Secondary requirements:

  • Bank account connection (read-only)
  • Automatic transaction categorisation
  • Budget tracking with smart alerts
  • Monthly summary and insights
  • Mobile-first (iOS and Android)

Week 1–2: Scoping and Architecture

We spent the first two weeks on the things that save weeks later: clear scope, technical architecture, and a working skeleton.
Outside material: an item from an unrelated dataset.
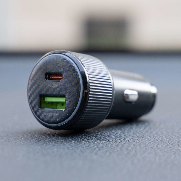 Praktická nabíjačka do auta s podporou rýchleho nabíjania PD 3.0 a QC 3.0, vybavená portami USB-C a USB-A. Súčasťou balenia je 1m kábel USB-C/USB-C (3A, 60 W, mäkký silikón) na okamžité použitie. Modré LED osvetlenie v obvode nabíjačky uľahčuje pripojenie kábla aj počas jazdy v noci.

Scope decisions we made early:

  • Read-only bank data only. No payments, no transfers. This halved the compliance surface area.
  • One country, one currency. Internationalisation deferred to v2.
  • Web app first, native shell second. React Native WebView wrapper meant one codebase with a native feel.

Architecture choices:

  • Backend: Node.js + PostgreSQL on GCP Cloud Run (serverless, scales to zero)
  • Bank connectivity: Plaid API (fastest path to real bank data)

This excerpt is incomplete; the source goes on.